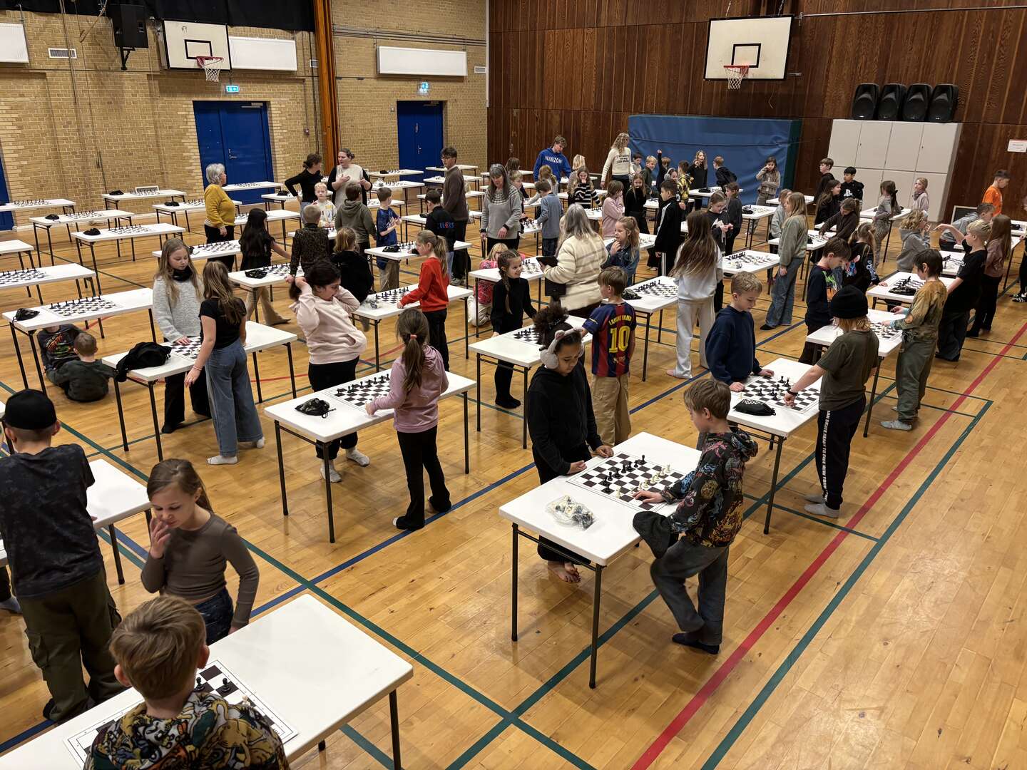 Herefter gik eleverne til det ternede bræt, hvor der var forskellige småspil at dyste i - blandt andet action-bondeskak med otte sorte og hvide bønder.
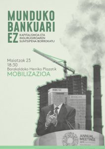 El Banco Mundial y su «imperialismo ecológico» no solo busca, por tanto, reunirse para multiplicar la explotación de la naturaleza, sino también busca otros dos objetivos: por un lado, intentar demostrar que lo hace en un pueblo caracterizado por su conciencia socionatural y antiimperialista, pueblo trabajador supuestamente «pacificado». La burguesía vasca y el Estado español han hecho grandes esfuerzos para lograr que el evento se hiciera en Euskal Herria porque necesitan debilitar, lo más posible, la honda raíz socionatural que alimenta la cultura popular vasca e imponer la irracionalidad consumista y desarrollista. Y por otro, reforzar la ideología cosmopolita, ese falso universalismo inherente al ecologismo burgués: se trata de aumentar las alienaciones múltiples para debilitar la conciencia nacional de clase del proletariado, junto al reforzamiento del nacionalismo español, a la persecución del euskara, de las represiones de toda índole…
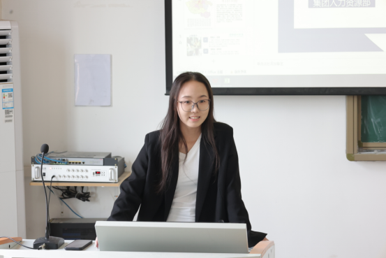 随后,孙梦帆就同学们关心的就业前景、职业发展路径以及公司的人才培养机制等方面进行了详细阐述。她表示,超凡装饰非常注重员工的个人成长和职业发展,提供了多样化的培训和学习机会,鼓励员工不断提升自己的专业技能和综合素质。在互动环节,同学们积极提问,就自己的职业规划、公司的工作环境、福利待遇等问题与人事专员进行了深入交流。人事专员耐心细致地回答了每一个问题,让同学们对超凡装饰有了更加全面和深入的了解。

## Your assignment
Reproduce the full listing faithfully, but do not carry over any pictures.

## Finished task
 Herefter gik eleverne til det ternede bræt, hvor der var forskellige småspil at dyste i - blandt andet action-bondeskak med otte sorte og hvide bønder.
 El Banco Mundial y su «imperialismo ecológico» no solo busca, por tanto, reunirse para multiplicar la explotación de la naturaleza, sino también busca otros dos objetivos: por un lado, intentar demostrar que lo hace en un pueblo caracterizado por su conciencia socionatural y antiimperialista, pueblo trabajador supuestamente «pacificado». La burguesía vasca y el Estado español han hecho grandes esfuerzos para lograr que el evento se hiciera en Euskal Herria porque necesitan debilitar, lo más posible, la honda raíz socionatural que alimenta la cultura popular vasca e imponer la irracionalidad consumista y desarrollista. Y por otro, reforzar la ideología cosmopolita, ese falso universalismo inherente al ecologismo burgués: se trata de aumentar las alienaciones múltiples para debilitar la conciencia nacional de clase del proletariado, junto al reforzamiento del nacionalismo español, a la persecución del euskara, de las represiones de toda índole…
 随后,孙梦帆就同学们关心的就业前景、职业发展路径以及公司的人才培养机制等方面进行了详细阐述。她表示,超凡装饰非常注重员工的个人成长和职业发展,提供了多样化的培训和学习机会,鼓励员工不断提升自己的专业技能和综合素质。在互动环节,同学们积极提问,就自己的职业规划、公司的工作环境、福利待遇等问题与人事专员进行了深入交流。人事专员耐心细致地回答了每一个问题,让同学们对超凡装饰有了更加全面和深入的了解。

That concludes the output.